**RECORDS FOR THE EXERCISE**
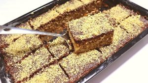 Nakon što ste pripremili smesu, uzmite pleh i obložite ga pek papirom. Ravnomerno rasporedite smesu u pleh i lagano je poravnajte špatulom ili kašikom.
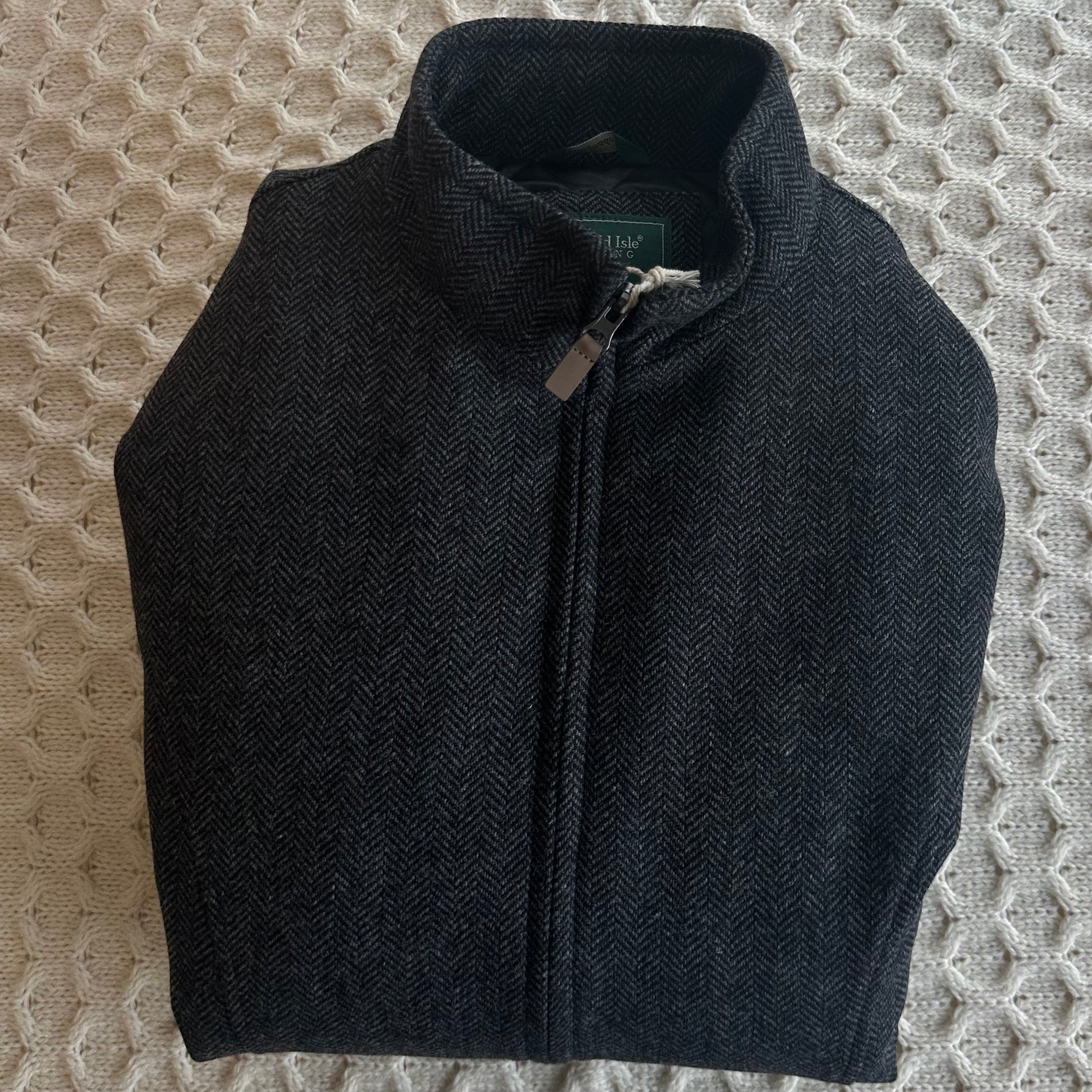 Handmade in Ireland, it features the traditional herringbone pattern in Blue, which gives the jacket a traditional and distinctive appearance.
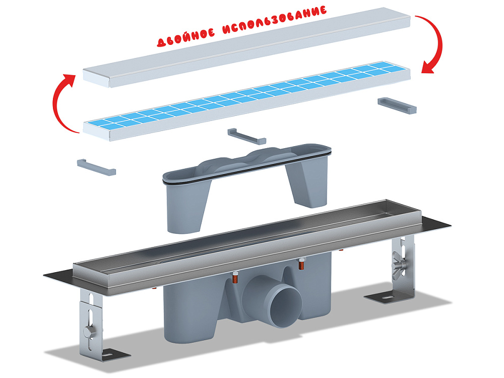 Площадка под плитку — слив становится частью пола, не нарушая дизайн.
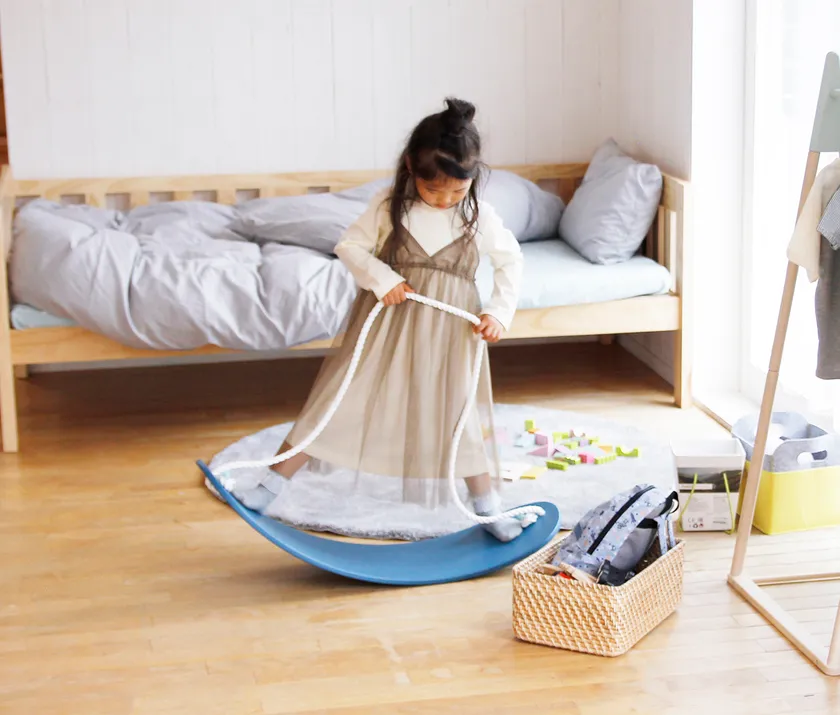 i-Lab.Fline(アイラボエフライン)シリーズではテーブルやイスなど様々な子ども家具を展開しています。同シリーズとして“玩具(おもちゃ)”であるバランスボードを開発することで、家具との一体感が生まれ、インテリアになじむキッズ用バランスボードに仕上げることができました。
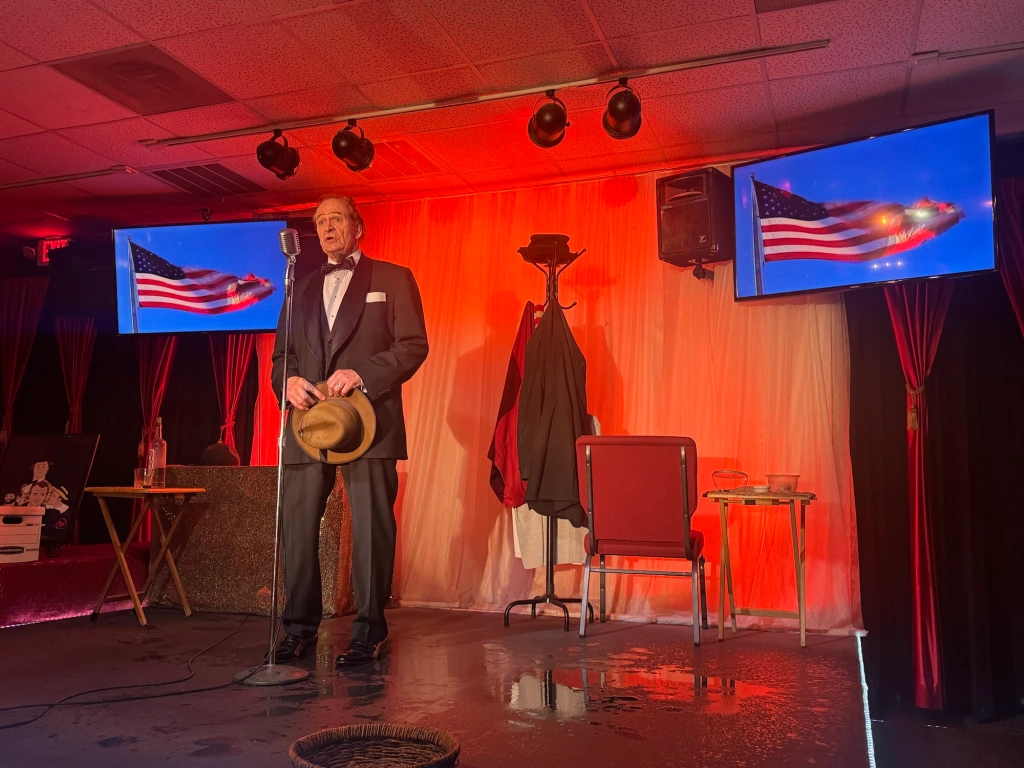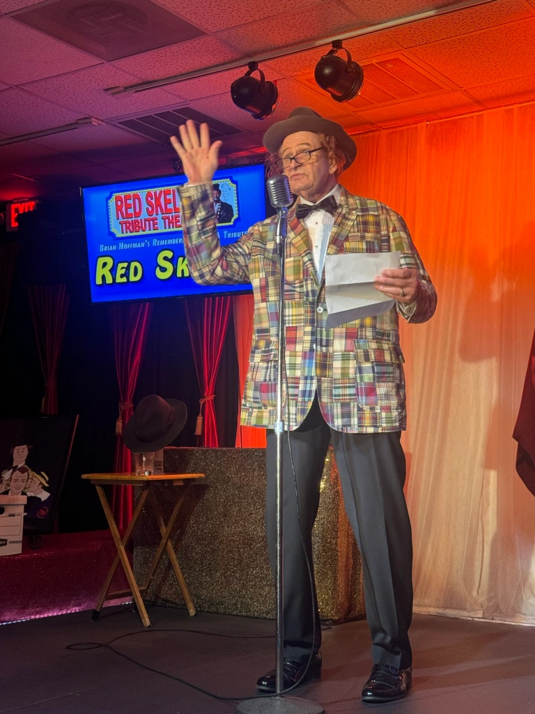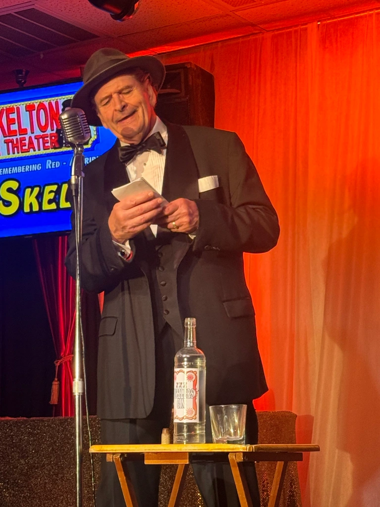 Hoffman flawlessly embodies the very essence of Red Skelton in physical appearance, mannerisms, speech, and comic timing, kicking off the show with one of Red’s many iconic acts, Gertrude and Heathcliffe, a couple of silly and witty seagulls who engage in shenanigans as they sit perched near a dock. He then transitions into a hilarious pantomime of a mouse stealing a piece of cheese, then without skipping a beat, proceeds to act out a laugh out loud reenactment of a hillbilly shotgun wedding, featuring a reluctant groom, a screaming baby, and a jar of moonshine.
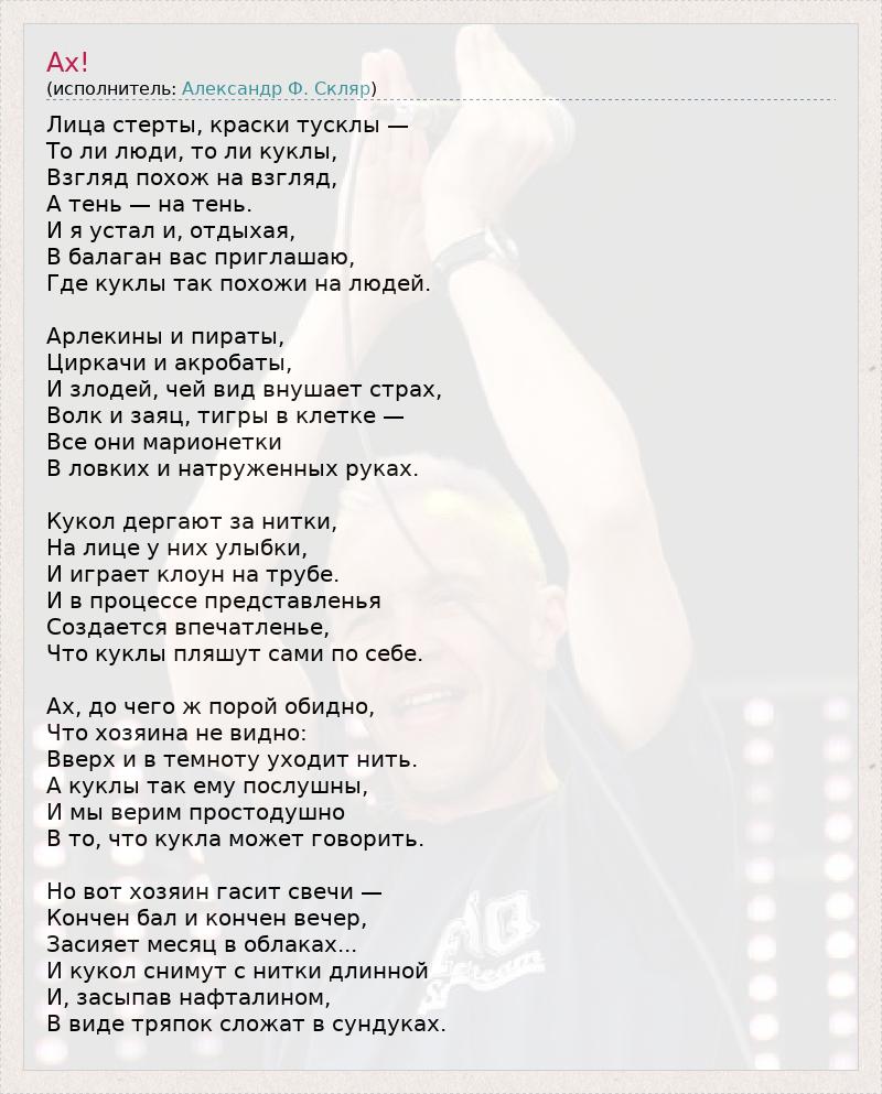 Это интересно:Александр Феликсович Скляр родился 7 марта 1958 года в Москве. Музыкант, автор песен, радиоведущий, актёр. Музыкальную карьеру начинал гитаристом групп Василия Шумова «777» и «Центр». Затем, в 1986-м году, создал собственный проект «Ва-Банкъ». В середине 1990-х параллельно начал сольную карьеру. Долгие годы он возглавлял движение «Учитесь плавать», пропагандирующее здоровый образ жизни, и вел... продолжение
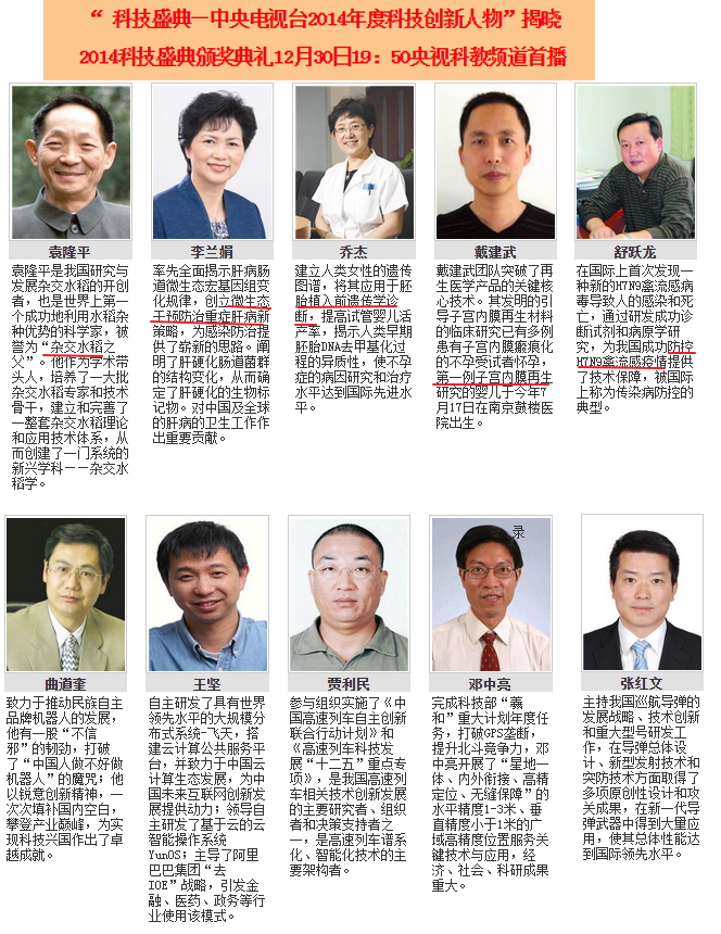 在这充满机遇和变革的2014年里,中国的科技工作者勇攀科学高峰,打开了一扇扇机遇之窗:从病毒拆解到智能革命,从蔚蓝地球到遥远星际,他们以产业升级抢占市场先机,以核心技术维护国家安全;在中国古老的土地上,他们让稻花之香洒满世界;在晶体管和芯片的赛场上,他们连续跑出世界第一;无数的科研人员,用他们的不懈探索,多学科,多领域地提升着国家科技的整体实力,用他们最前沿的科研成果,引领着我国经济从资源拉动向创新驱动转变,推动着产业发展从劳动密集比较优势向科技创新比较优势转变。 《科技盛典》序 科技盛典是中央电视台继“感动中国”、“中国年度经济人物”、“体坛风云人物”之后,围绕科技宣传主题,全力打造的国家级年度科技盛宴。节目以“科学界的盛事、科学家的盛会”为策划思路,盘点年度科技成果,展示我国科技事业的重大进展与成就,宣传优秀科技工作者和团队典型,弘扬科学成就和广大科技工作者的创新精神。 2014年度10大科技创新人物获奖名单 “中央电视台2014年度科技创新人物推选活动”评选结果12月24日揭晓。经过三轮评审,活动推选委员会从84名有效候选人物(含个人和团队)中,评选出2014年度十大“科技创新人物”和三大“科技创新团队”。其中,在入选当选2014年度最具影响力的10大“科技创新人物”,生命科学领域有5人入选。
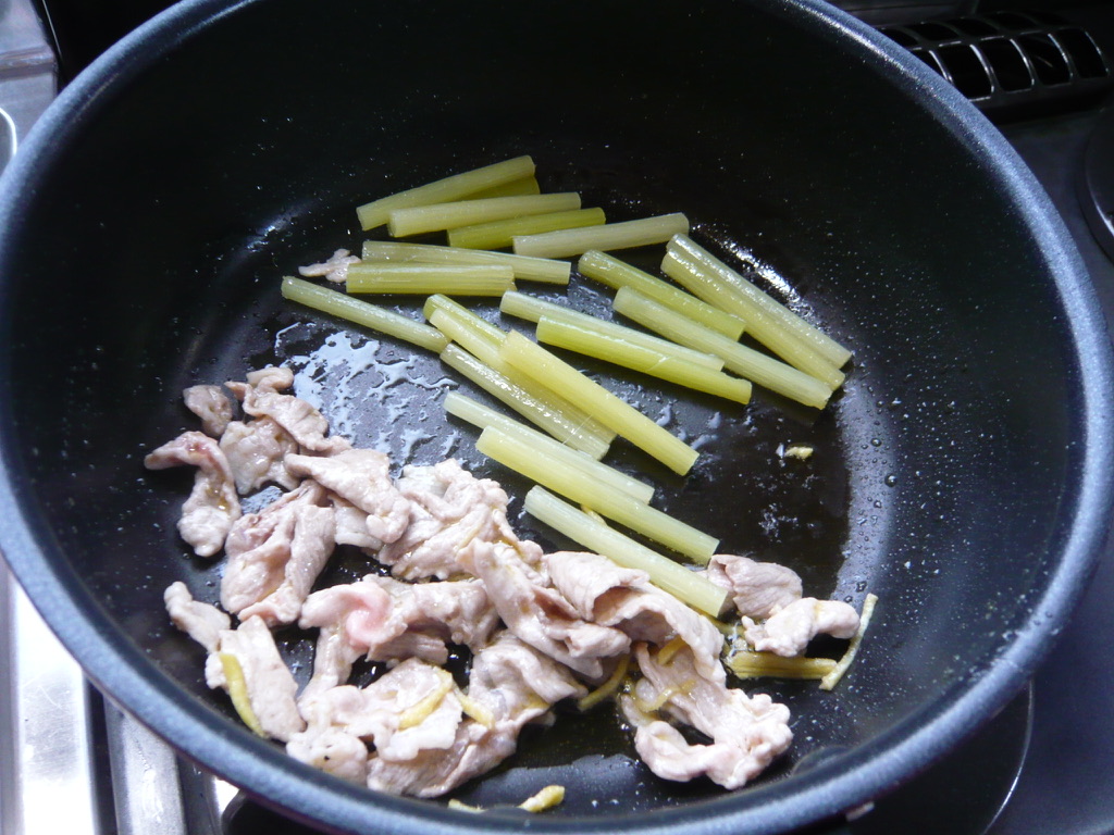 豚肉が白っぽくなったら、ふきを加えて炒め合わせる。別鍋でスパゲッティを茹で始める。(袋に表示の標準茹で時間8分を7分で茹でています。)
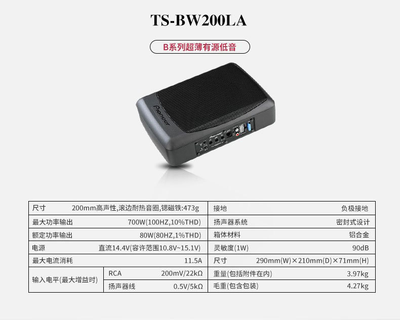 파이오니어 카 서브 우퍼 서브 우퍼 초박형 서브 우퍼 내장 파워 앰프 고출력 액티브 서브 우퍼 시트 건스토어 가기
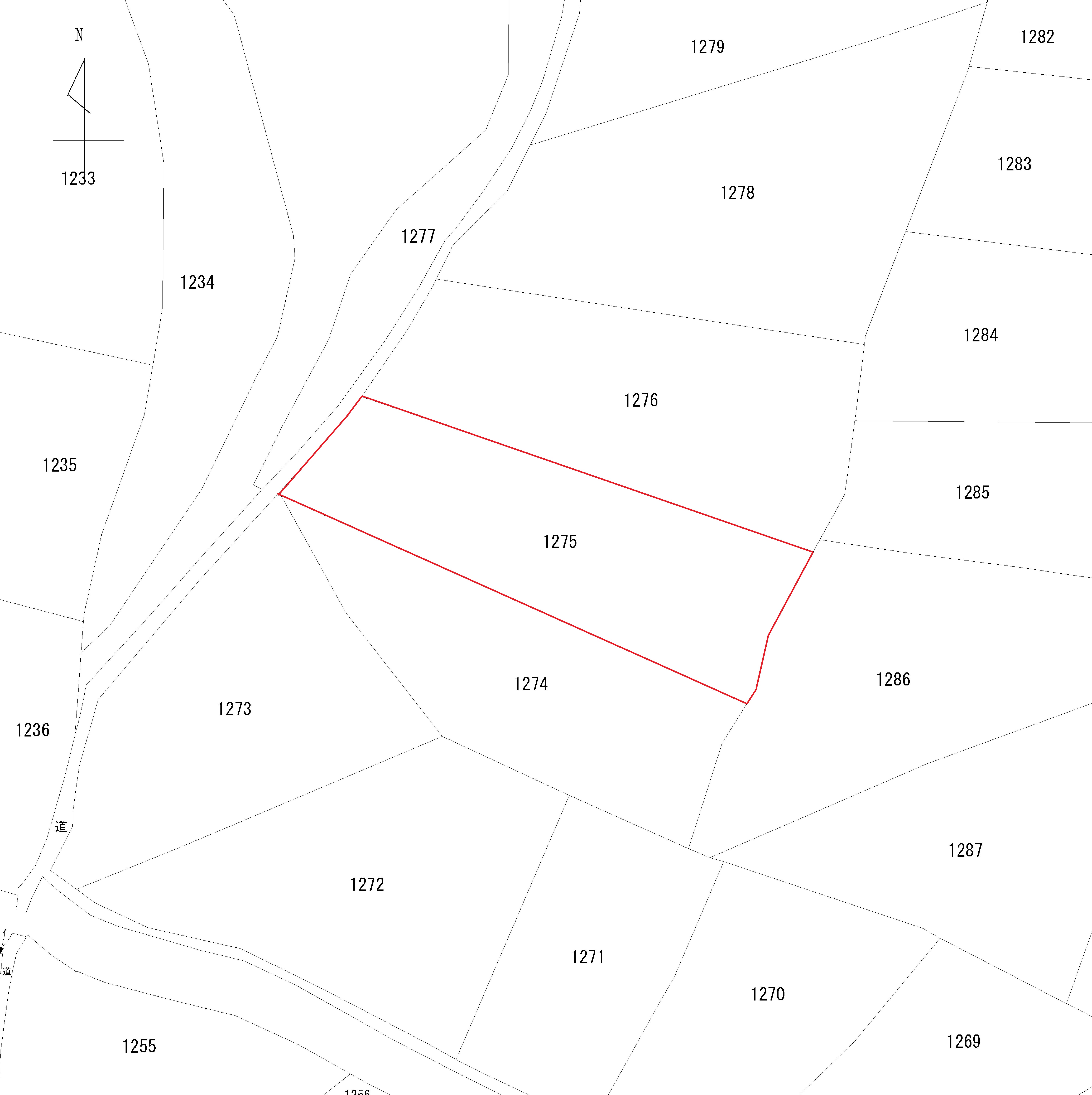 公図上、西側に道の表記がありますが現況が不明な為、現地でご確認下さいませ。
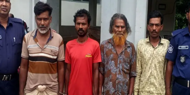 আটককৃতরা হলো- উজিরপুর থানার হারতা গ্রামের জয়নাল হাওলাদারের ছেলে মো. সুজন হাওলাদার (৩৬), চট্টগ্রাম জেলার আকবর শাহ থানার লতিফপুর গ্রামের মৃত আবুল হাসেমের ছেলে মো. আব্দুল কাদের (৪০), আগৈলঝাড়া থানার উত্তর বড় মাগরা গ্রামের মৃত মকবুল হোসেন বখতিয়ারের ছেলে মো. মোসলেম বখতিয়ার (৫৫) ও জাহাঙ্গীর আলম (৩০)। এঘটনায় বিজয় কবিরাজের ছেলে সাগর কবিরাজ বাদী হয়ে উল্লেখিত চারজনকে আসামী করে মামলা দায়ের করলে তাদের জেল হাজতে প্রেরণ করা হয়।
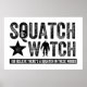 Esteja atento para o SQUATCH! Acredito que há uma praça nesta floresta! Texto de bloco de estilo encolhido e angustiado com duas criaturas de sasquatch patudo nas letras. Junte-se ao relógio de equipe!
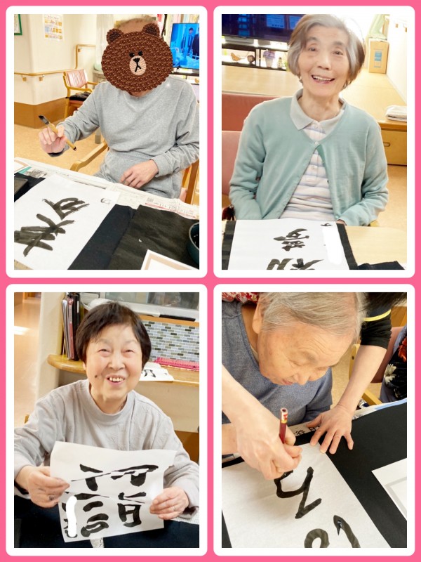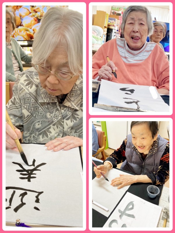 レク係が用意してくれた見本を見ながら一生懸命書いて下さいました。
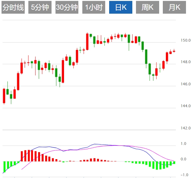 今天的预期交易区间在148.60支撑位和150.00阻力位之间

**EXERCISE PROMPT**
Nothing but the lines from the first line of the data through the line with "Hoffman flawlessly embodies" belongs in the answer, copied exactly and without pictures.

**SOLUTION**
 Nakon što ste pripremili smesu, uzmite pleh i obložite ga pek papirom. Ravnomerno rasporedite smesu u pleh i lagano je poravnajte špatulom ili kašikom.
 Handmade in Ireland, it features the traditional herringbone pattern in Blue, which gives the jacket a traditional and distinctive appearance.
 Площадка под плитку — слив становится частью пола, не нарушая дизайн.
 i-Lab.Fline(アイラボエフライン)シリーズではテーブルやイスなど様々な子ども家具を展開しています。同シリーズとして“玩具(おもちゃ)”であるバランスボードを開発することで、家具との一体感が生まれ、インテリアになじむキッズ用バランスボードに仕上げることができました。
 Hoffman flawlessly embodies the very essence of Red Skelton in physical appearance, mannerisms, speech, and comic timing, kicking off the show with one of Red’s many iconic acts, Gertrude and Heathcliffe, a couple of silly and witty seagulls who engage in shenanigans as they sit perched near a dock. He then transitions into a hilarious pantomime of a mouse stealing a piece of cheese, then without skipping a beat, proceeds to act out a laugh out loud reenactment of a hillbilly shotgun wedding, featuring a reluctant groom, a screaming baby, and a jar of moonshine.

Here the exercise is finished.